§ Provided records:
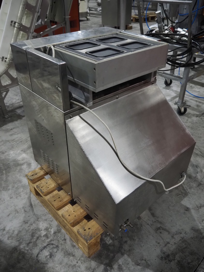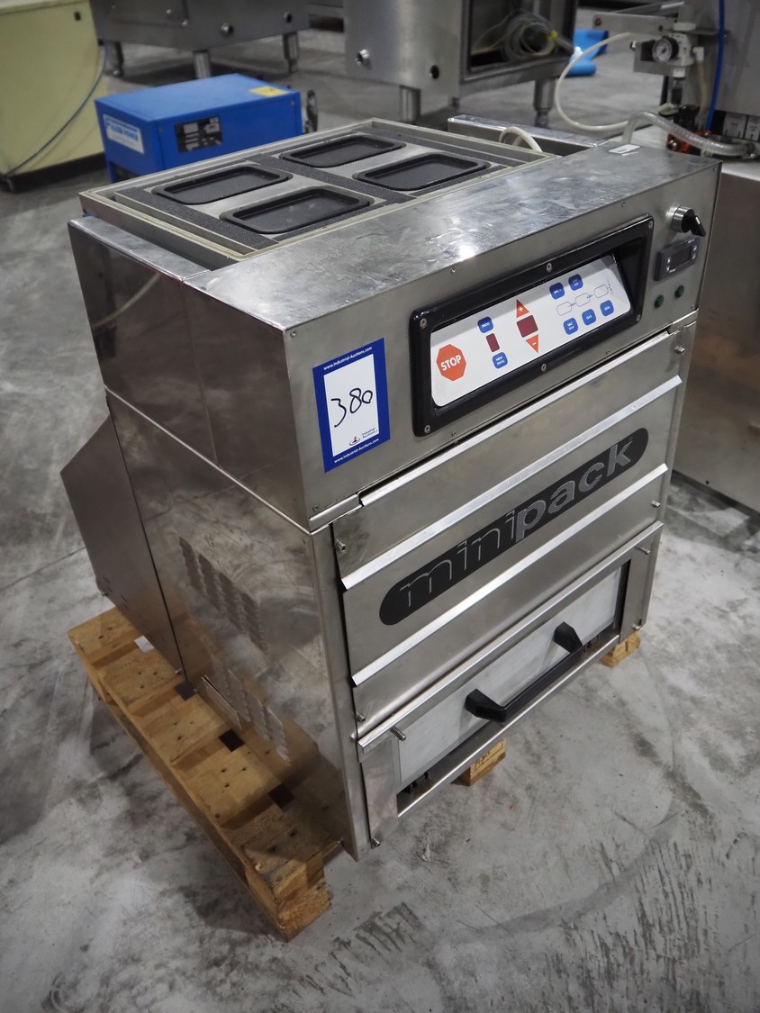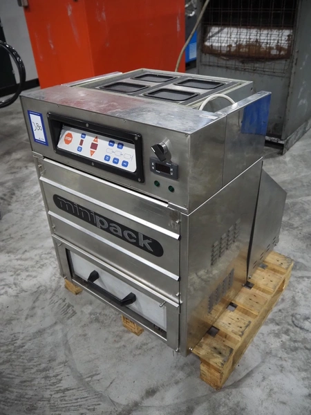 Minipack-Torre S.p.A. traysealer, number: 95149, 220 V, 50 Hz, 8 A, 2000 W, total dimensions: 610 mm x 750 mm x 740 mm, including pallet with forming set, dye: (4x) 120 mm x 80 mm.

...

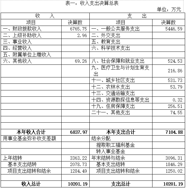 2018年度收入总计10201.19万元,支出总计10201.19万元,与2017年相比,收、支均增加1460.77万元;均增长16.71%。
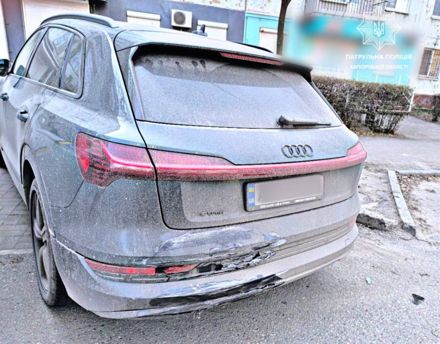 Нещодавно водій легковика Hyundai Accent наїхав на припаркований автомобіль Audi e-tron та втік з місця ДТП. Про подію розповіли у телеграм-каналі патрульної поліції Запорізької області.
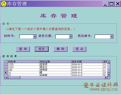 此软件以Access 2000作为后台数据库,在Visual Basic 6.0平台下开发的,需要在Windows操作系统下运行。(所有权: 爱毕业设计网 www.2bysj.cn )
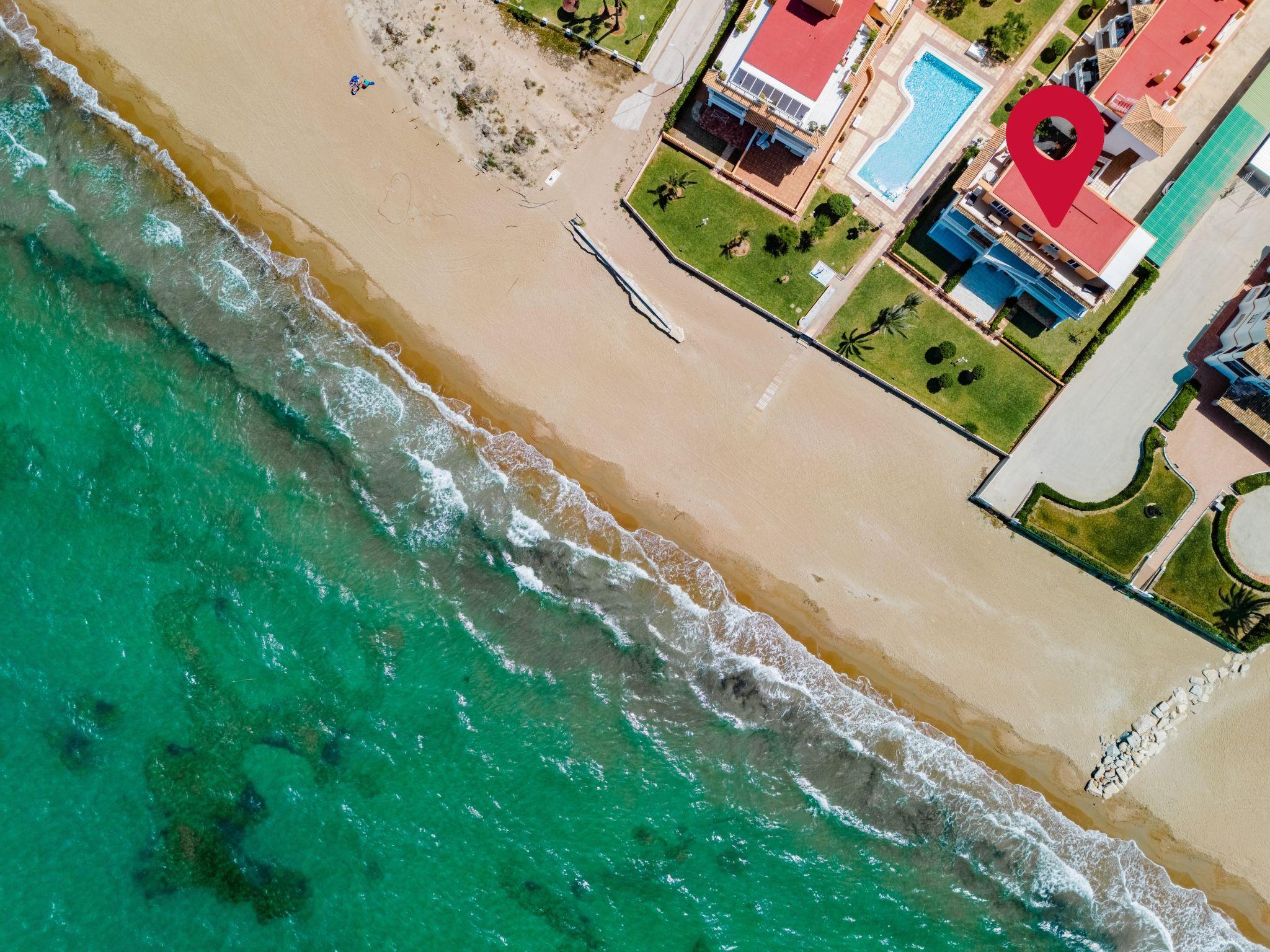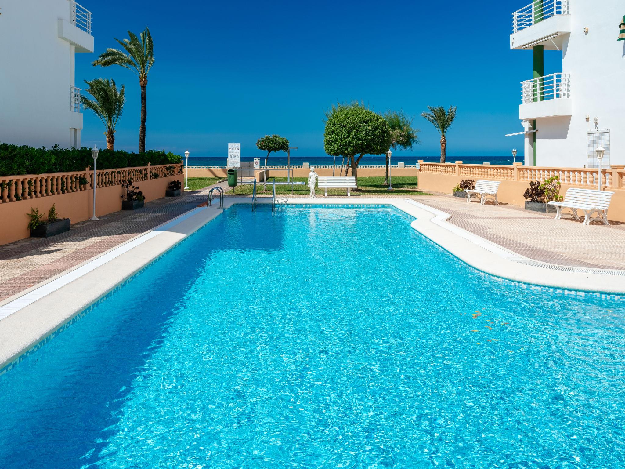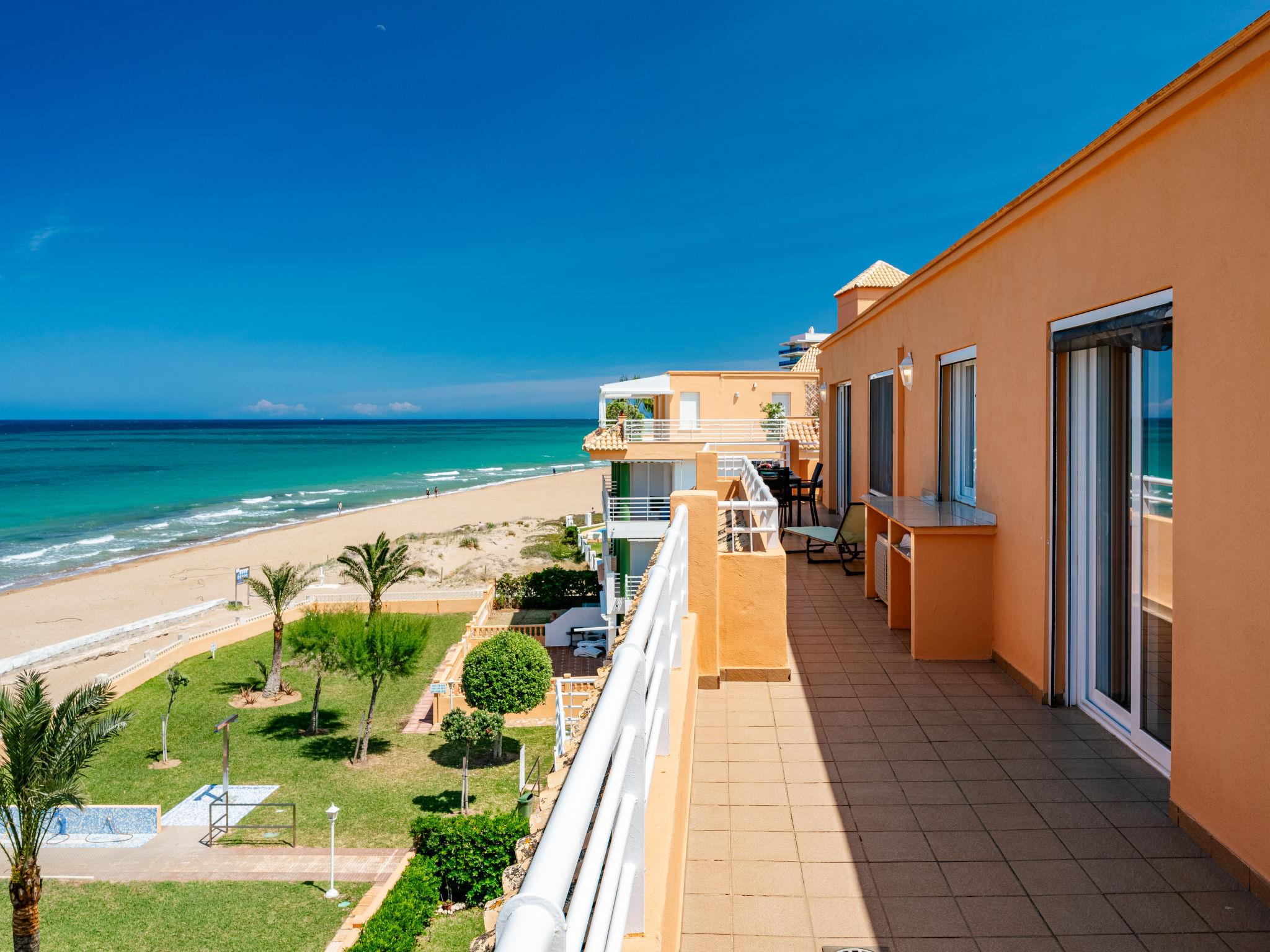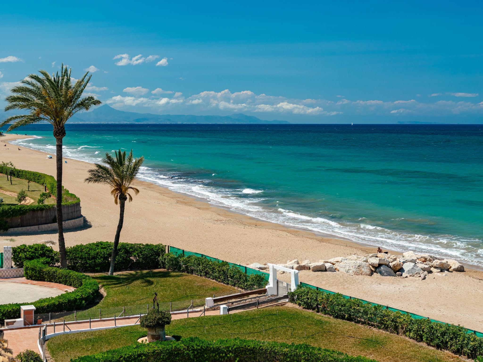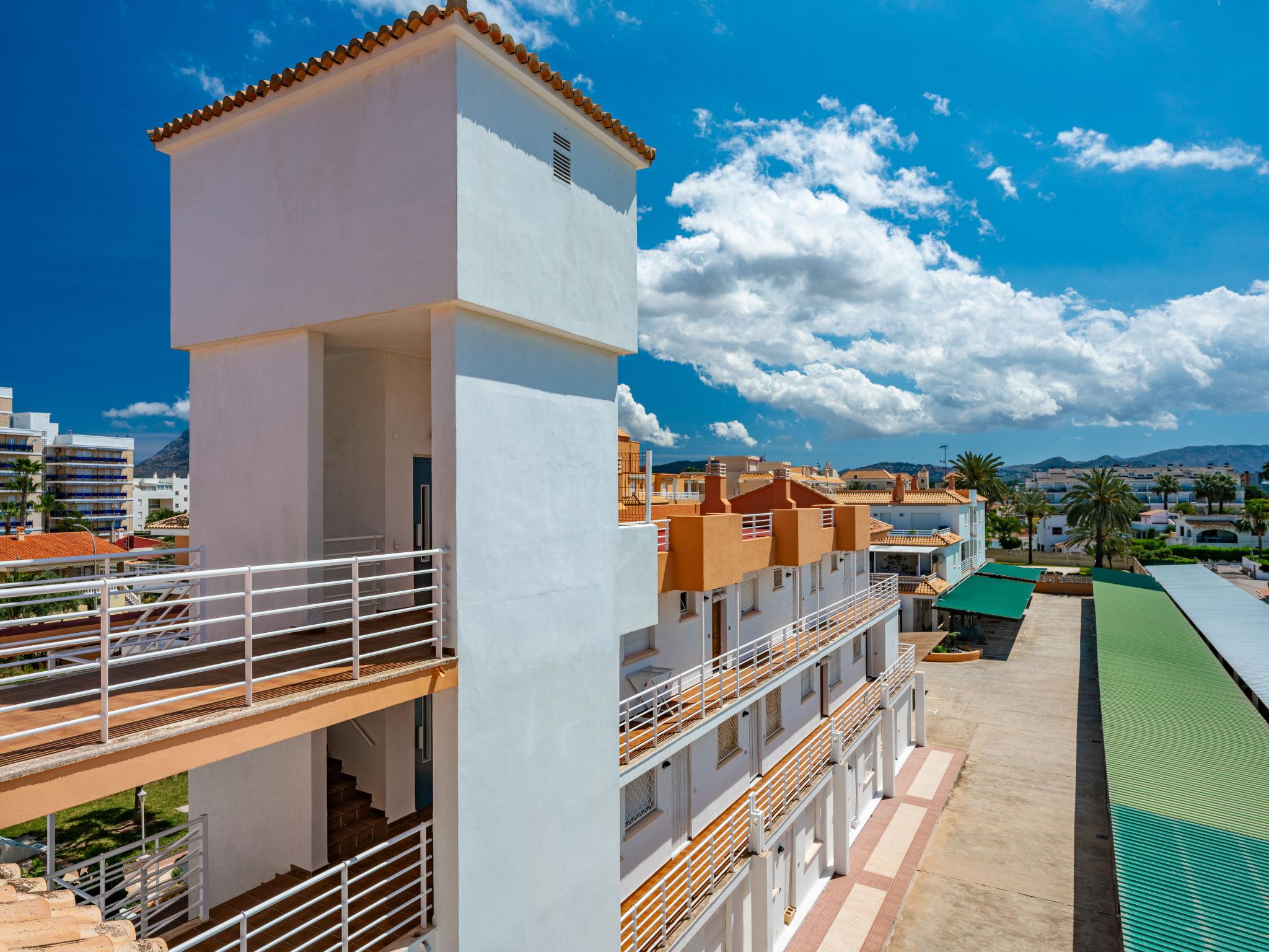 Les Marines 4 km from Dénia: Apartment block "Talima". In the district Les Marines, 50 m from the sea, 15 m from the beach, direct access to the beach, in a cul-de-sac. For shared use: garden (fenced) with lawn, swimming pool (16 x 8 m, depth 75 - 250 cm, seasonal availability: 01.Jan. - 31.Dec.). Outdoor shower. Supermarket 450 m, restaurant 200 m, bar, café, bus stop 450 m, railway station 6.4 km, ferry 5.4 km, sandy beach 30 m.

§ Work instructions:
For the entries above, print exactly the lines between the one with "此软件以Access 2000作为后台数据库,在Visual Basic" and the one with "Les Marines 4", inclusive, with no pictures.

§ The answer:
 此软件以Access 2000作为后台数据库,在Visual Basic 6.0平台下开发的,需要在Windows操作系统下运行。(所有权: 爱毕业设计网 www.2bysj.cn )
 Les Marines 4 km from Dénia: Apartment block "Talima". In the district Les Marines, 50 m from the sea, 15 m from the beach, direct access to the beach, in a cul-de-sac. For shared use: garden (fenced) with lawn, swimming pool (16 x 8 m, depth 75 - 250 cm, seasonal availability: 01.Jan. - 31.Dec.). Outdoor shower. Supermarket 450 m, restaurant 200 m, bar, café, bus stop 450 m, railway station 6.4 km, ferry 5.4 km, sandy beach 30 m.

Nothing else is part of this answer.